Using all GC whole oil data of VPI-P01, VPI-P02 and VPI-P03 as an input data to run the cluster analysis, the dendrogram is shown in Figure 7 with two distinct groups. Accordingly, the samples of VPI-P01 and VPI-P03 are grouped in one cluster and the other cluster is VPI-P02 with very large distance. Hence, the oils from VPI-P01 and VPI-P03 have a distinct carbonate reservoir signature, whereas the oil from VPI-P02 has clastic signature. The distances between the groups (along the x-axis) are a relative measure of the magnitude of differences among the oils. Therefore, carbonate and clastic oils are clearly separable with large compositional discrepancy.

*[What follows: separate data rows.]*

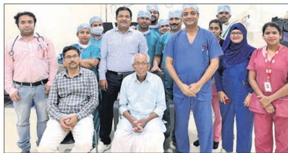
ଭୁବନେଶ୍ୱର, ୧୭ତମ: ରାଜ୍ୟର ପ୍ରମୁଖ ଘରୋଇ ଚିକିତ୍ସାଳୟ ଆତ୍ମ ହସ୍ତାନ୍ତର ଭୁବନେଶ୍ୱରରେ ଏକ ବିରଳ ରୋଗର ସଫଳ ଅସ୍ତ୍ରୋପଚାର କରାଯାଇଛି।
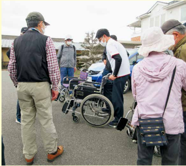
ボレロの家 職員さんに車椅子の使用 方法を教えて頂きました

三日市(一区・二区・三区)・戸郷団地と各自治会自主防災会の皆様と、医療法人社団聖仁会の愛生園とボレロの家の職員さんにもご協力頂き、庄原市指定避難所になる備北丘陵公園までの道を車椅子と徒歩で実際に歩いてみました。介護施設ボレロの家の職員さんから車椅子の使用方法や、登り坂や下り坂を安全に運転する方法等、アドバイスを頂きました。
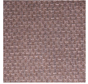
RUSTIC Terre 107
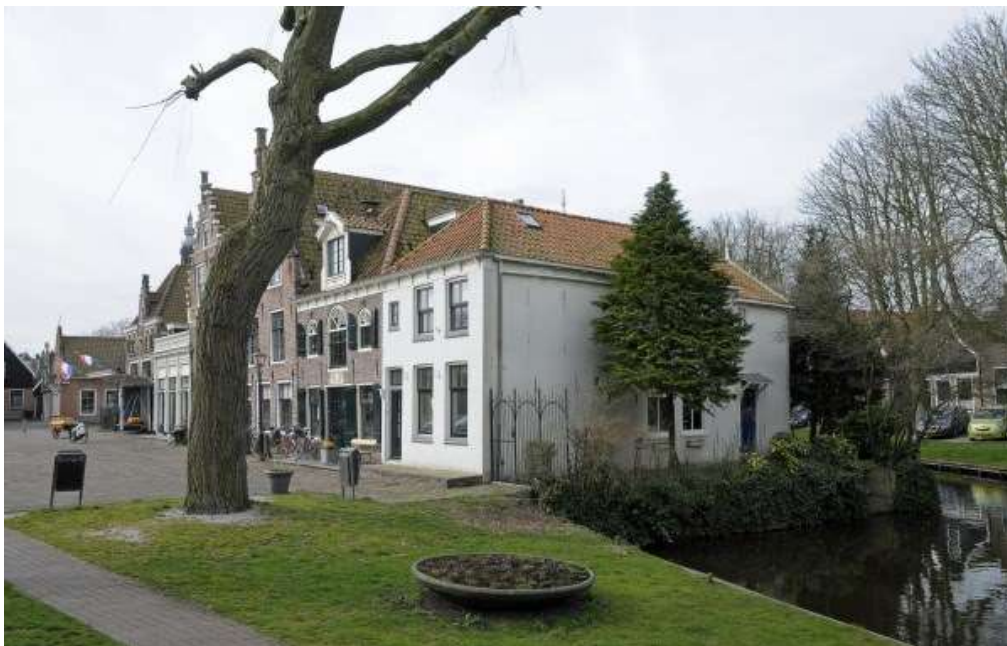
Overzicht van de westzijde van het Jan Nieuwenhuizenplein met de situering van het pand op de hoek aan de gracht.
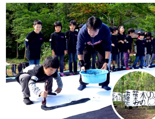
● 10月14日(火)日吉小学校 三島の森に美術館が登場

長岡市消防団三島方面隊の秋季消防演習が実施されました。地域の防災リーダーとして、住民の安心・安全を守るという重要な役割を果たすため、早朝から放水訓練などに取り組みました。
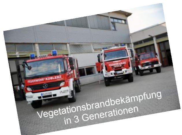
Vegetationsbrandbekämpfung in 3 Generationen

Das neue Fahrzeug ergänzt nun sinnvoll den Fuhrpark der Einheit. Das Fahrzeug verbessert, durch seine größere Mannschaftskabine (sechs statt drei Sitzplätze) und den deutlich größeren Wassertank, sowie der zusätzlichen feuerwehrtechnischen Beladung, erheblich den Einsatzwert. Auch dieses Fahrzeug ist, genau wie das Vorgängermodell auf einem Allrad-Fahrgestell aufgebaut und somit für Einsätze im Gelände bestens gerüstet. Durch die angepasste Motorleistung können nun auch Einsatzstellen in anderen Stadtteilen deutlich schneller erreicht werden.
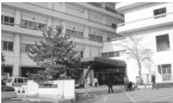
市民病院の方向性は

市長 庁議を最高経営会議とし、行政経営方針決定の場としたい。 議員 財政状況が厳しいが、大
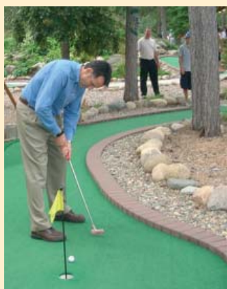
Concentrazione sulla pallina del mini-golf durante la gara.
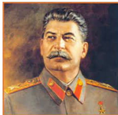
Josif Džugašvili Stalin

Pařížská pobočka Rothschildovy banky zafinancovala celý vzestup NSDAP k moci s jediným cílem, aby Adolf Hitler, ve skutečnosti vnuk Solomona Rothschilda z Vídně, dokončil v Rusku s německou armádou to, co nedokázal dokončit ani Napoleon, ani Lenin. A jak víme, nepodařilo se to ani Hitlerovi. Pokaždé, když se globalisté pokusí dobýt Rusko silou a vojensky, tak to selže. Jenže ve skutečnosti se po II. sv. válce stalo něco daleko horšího pro Dům Sion. Globalizaci lze budovat jen tehdy, budou-li Západ a Východ spolupracovat. V opačném případě je světová vláda zcela vyloučena.
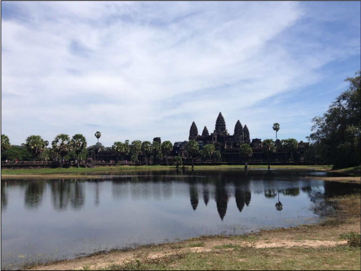
Slika 3. Angkor Wat
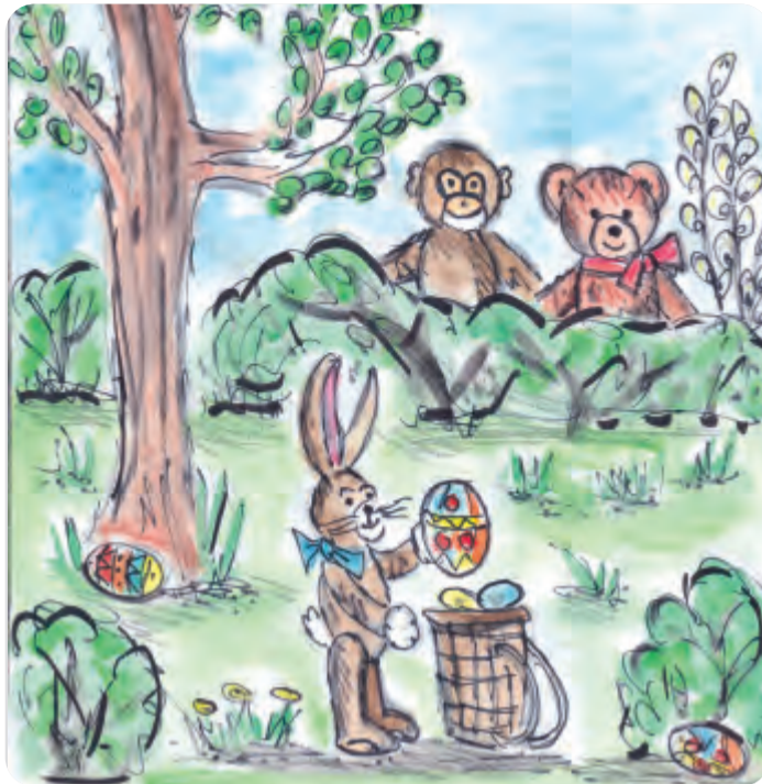
Coco und Andy beobachten den Osterhasen ganz genau. Dieses Mal wird ja wohl nichts schief gehen...

Zum Glück waren Coco und Andy in der Nähe, die beobachten konnten, wie sich ein Dieb an jedes Versteck heran schlich und alle Eier stahl. „Es war ein ganz besonderer Dieb“, erinnert sich Andy. „Nämlich eine Elster.“
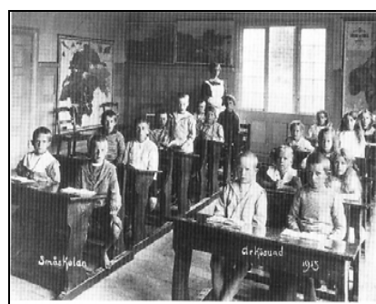
Fig.100. Småskolan i Arkösund år 1915.
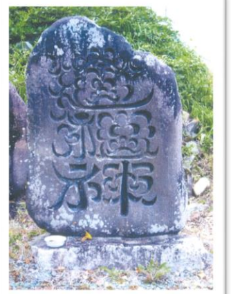
塩供にある花文字の道祖神

私たちの集落には外から来られた方も何人もいますが、隣近所や行事、作業などでコミュニケーションを深めて仲良くやっています。わからないことがあったら、組長さんや総代、ご近所に遠慮しないで聞いてください。
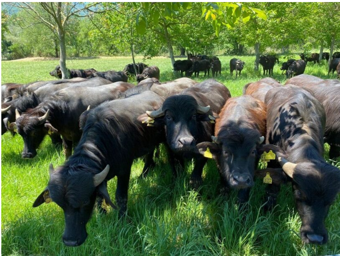
Mandria di bufale di razza Mediterranea Italiana al pascolo

written by Rivista di Agraria.org | 15 aprile 2022 di Gennaro Pisciotta
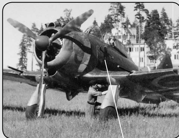
S 9C (fd J 9) under klargöring för start på fältet nedanför kanslihuset

Som spaningsversion användes flygplanet huvudsakligen för optisk flygspaning. Men en handhållen kamera typ Hk 7 kunde föraren medföra hängande i en rem om halsen. Vid fotografering öppnades huven och styrspaken hölls mellan knäna. Senare inmonterades en fast seriekamera typ Ska 4 i bagageutrymmet bakom föraren. Kameran var riktad åt höger och snett nedåt och foton togs genom den fönsterförsedda luckan till extrautrymmet. Man försökte även att fotografera under sväng med Ska 4. Föraren siktade med en kula fastsatt på antennwren.
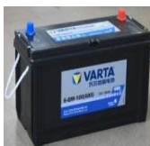
⑧ Batería de arranque
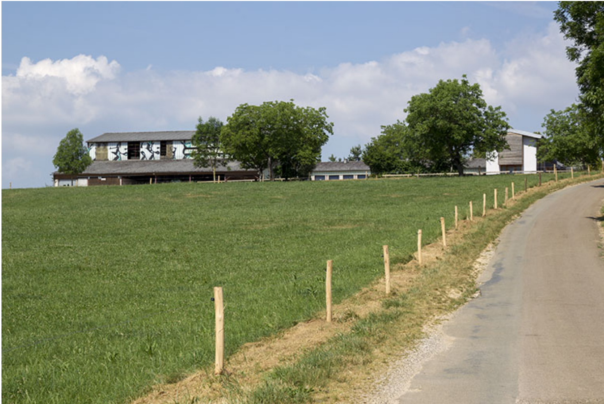
Vue d'ensemble de la ferme depuis l'est.

25, Dannemarie-sur-Crète, 16 rue de Damprichard

Once again, this result proves that the oil flow from carbonate reservoir mainly contributes to the production stream of VPI-P01.
In addition, from over 500 chromatographic peaks (corresponding to more than 500 hydrocarbon compounds in a GC chromatogram from C6 to C14), through the adaptive algorithm and visual inspection, 26 pairs of distinctive chemical compounds (or 26 distinctive peak height ratios) were screened and chosen to display on the stardiagram. According to the star diagram, the difference between the geochemical properties of VPI-P01/VPI-P03 and VPI-P02 can be easily observed (Figure 8).
 

 

Figure 8. Polar (star) plot of selected peak ratios for well P01, P02, and P03

Quantitative results

Assuming oil from well VPI-P02  is  an  end‐member  oil of the clastic reservoir and oil from well VPI-P03 is an end-member oil of carbonate reservoir, the oil from well VPI-P01 is now considered as commingled oil from two reservoirs and therefore need to be allocated. Distinctive peak height ratios are chosen from approximately 1,000 gas chromatography peaks from C6 to C35 as input data of the Geochemical Allocation Software for allocation calculation.

The allocation results of commingled well VPI-P01 show the contribution of both clastic and carbonate reservoirs to oil stream of P01 and vary from time to time. However, oil from carbonate reservoir mainly contributes tocommingled oil stream of well P01 during the observed period. It illustrates that oil produced from P01 is characterised  by  oil produced from carbonate reservoir. These results are consistent with the qualitative results in 3.2.

In order to evaluate the accuracy and validate the technique, the geochemical allocation results were compared with field production data based on MPLT running for well VPI-P01. Allocation of well VPI-P01 oils based on logging result compares very favourably with the geochemical result on the same date. The high agreement (in this case less than 1%) observed indicates the validity of the geochemical fingerprinting method.

4.    Conclusion

Geochemical fingerprinting technique with gas chromatography is a valuable method to accurately allocate commingled production stream and production pipeline. The results of allocation calculation of commingled wells based on their geochemical fingerprints are in excellent agreement (generally within 3%) with the actual production logging data. This method can be used to replace other methods (MPLT or metering) to determine the oil allocation from commingled wells/ pipelines more frequently because of their cost saving and high accuracy.